The theme of the ravening wolf and of the creature released unharmed from its belly is also reflected in the Russian tale Peter and the Wolf and another Grimm tale The Wolf and the Seven Young Kids, but its general theme of restoration is at least as old as the biblical story, Jonah and the Whale. The theme also appears in the story of the life of Saint Margaret, wherein the saint emerges unharmed from the belly of a dragon, and in the epic "The Red Path" by Jim C. Hines.

A Taiwanese story from the 16th century, known as Grandaunt Tiger bears several striking similarities. In this story there are two girls who are sisters. When the girls' mother goes out, the tigress comes to the girls' house and pretends to be their aunt, asking to come in. One girl says that the aunt's voice does not sound right, so the tigress attempts to disguise her voice. Then, the girl says that the aunt's hands feel too coarse, so the tigress attempts to make her paws smoother. When finally the tigress gains entry, she eats the girl's sister's hand. The girl comes up with a ruse to go outside and fetch some food for her aunt. Grandaunt Tiger, suspicious of the girl, ties a rope to her leg. The girl ties a bucket to the rope to fool her, but Grandaunt Tiger realises this and chases after her, whereupon she climbs into a tree. The girl tells the tigress that she will let her eat her, but first she would like to feed her some fruit from the tree. The tigress comes closer to eat the fruit, whereupon the girl pours boiling hot oil down her throat, killing her.

According to Paul Delarue, a similar narrative is found in East Asian stories, namely, in China, Korea and Japan, with the title "The Tiger and the Children".

Earliest versions

The origins of the Little Red Riding Hood story can be traced to several likely pre-17th century versions from various European countries. Some of these are significantly different from the currently known, Grimms-inspired version. It was told by French peasants in the 10th century and recorded by the cathedral schoolmaster Egbert of Liège. In Italy, Little Red Riding Hood was told by peasants in the fourteenth century, where a number of versions exist, including La finta nonna (The False Grandmother), written among others by Italo Calvino in the Italian Folktales collection. It has also been called "The Story of Grandmother". It is also possible that this early tale has roots in very similar East Asian tales (e.g. "Grandaunt Tiger").
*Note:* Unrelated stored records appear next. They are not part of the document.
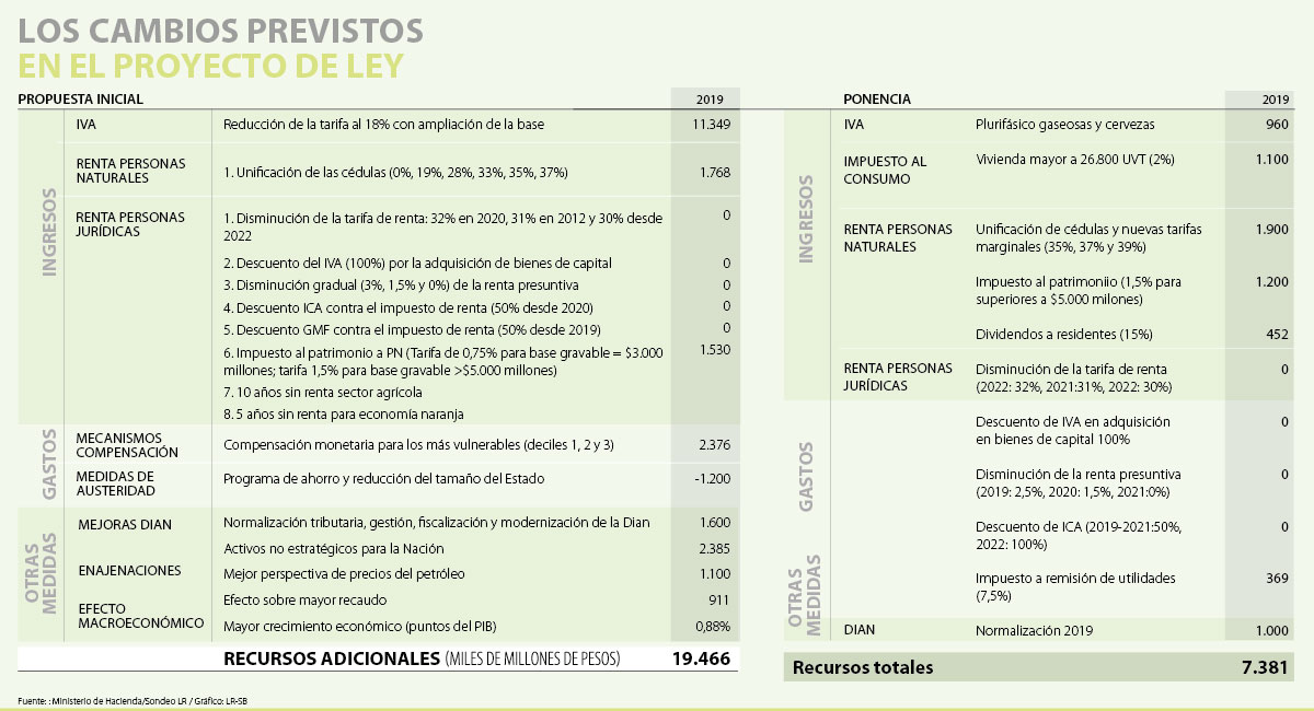 Del articulado inicial, que esperaba recaudar hasta $19,4 billones en 2019 se pasó a una cifra más modesta de $7,5 billones, es decir, que para el próximo año habría un recorte del gasto social. “No vamos a renegar de los principios orientadores básicos como son el estricto cumplimiento de la regla fiscal”, dijo el ministro de Hacienda, Alberto Carrasquilla.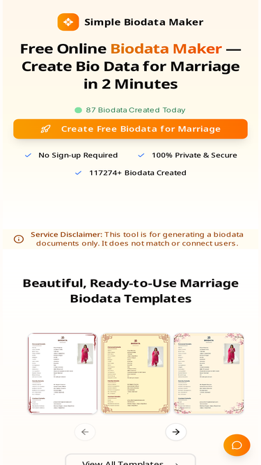 86%Create professional marriage biodata instantly.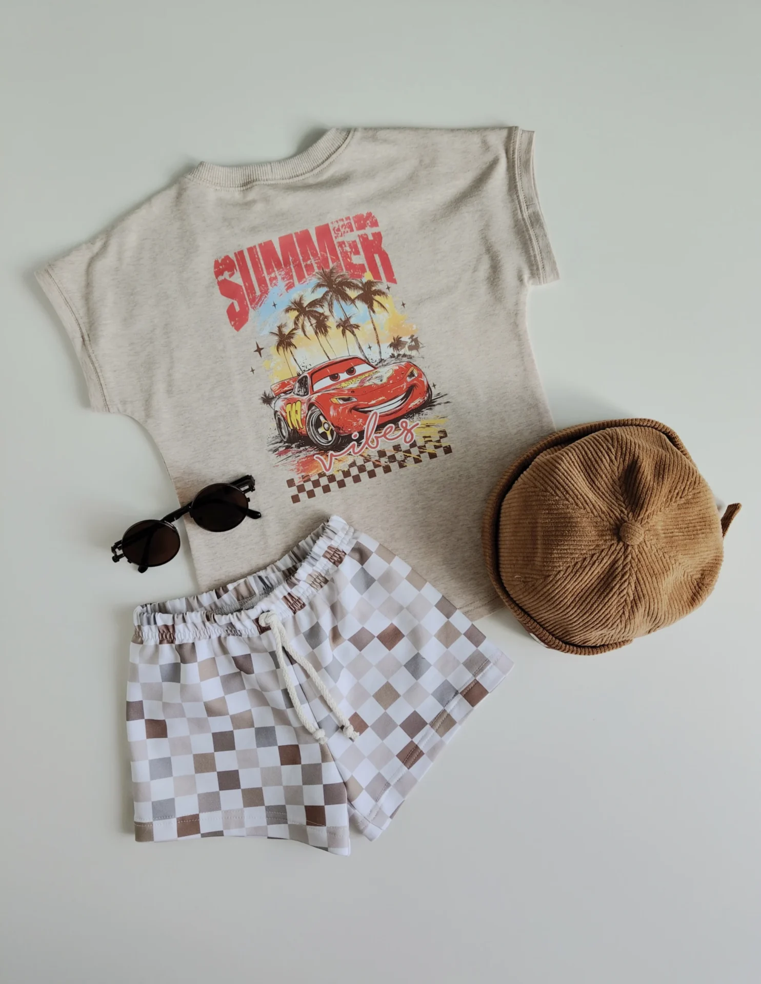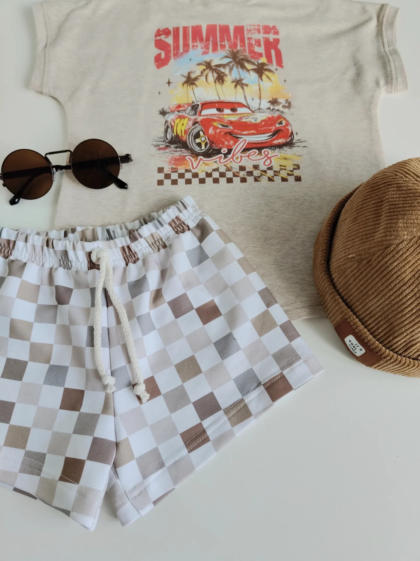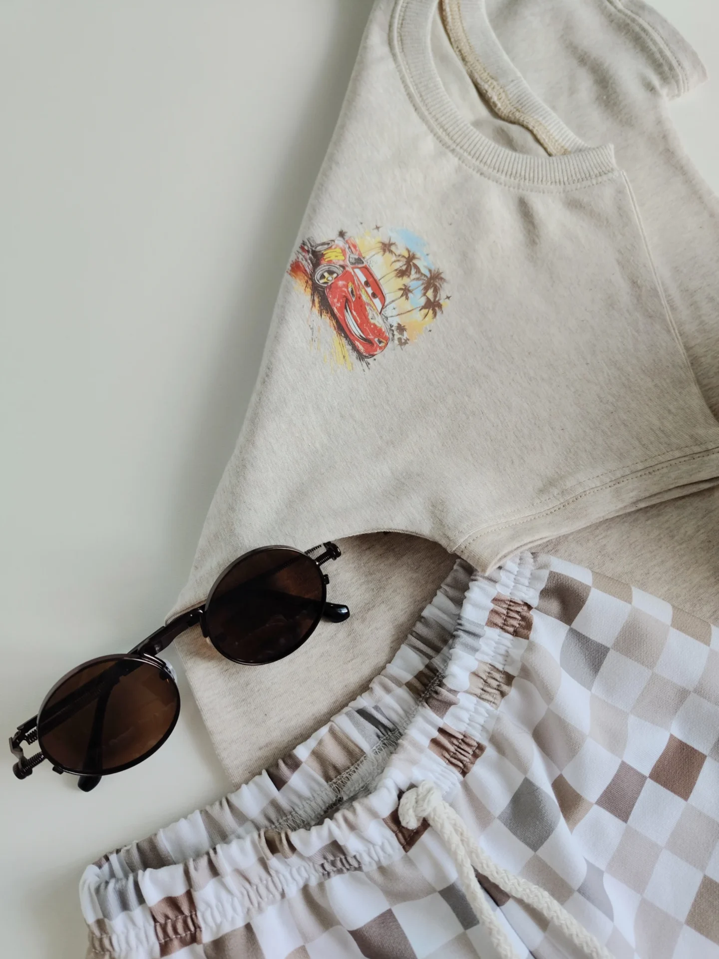 Zestaw w odcieniach beżu- koszulka w kolorze owsianki, z wydłużonym tyłem i dwustronną grafiką oraz luźne, krótkie szorciki we wzór szachownicy w różnych odcieniach brązu i beżu.

These early variations of the tale, do differ from the currently known version in several ways. The antagonist is not always a wolf, but sometimes a 'bzou' (werewolf), making these tales relevant to the werewolf trials (similar to witch trials) of the time (e.g. the trial of Peter Stumpp). The wolf usually leaves the grandmother's blood and flesh for the girl to eat, who then unwittingly cannibalizes her own grandmother. Furthermore, the wolf was also known to ask her to remove her clothing and toss it into the fire. In some versions, the wolf eats the girl after she gets into bed with him, and the story ends there. In others, she sees through his disguise and tries to escape, complaining to her "grandmother" that she needs to defecate and would not wish to do so in the bed. The wolf reluctantly lets her go, tied to a piece of string so she does not get away. The girl slips the string over something else and runs off. In these stories she escapes with no help from any male or older female figure, instead using her own cunning, or in some versions the help of a younger boy who she happens to run into. Sometimes, though more rarely, the red hood is even non-existent.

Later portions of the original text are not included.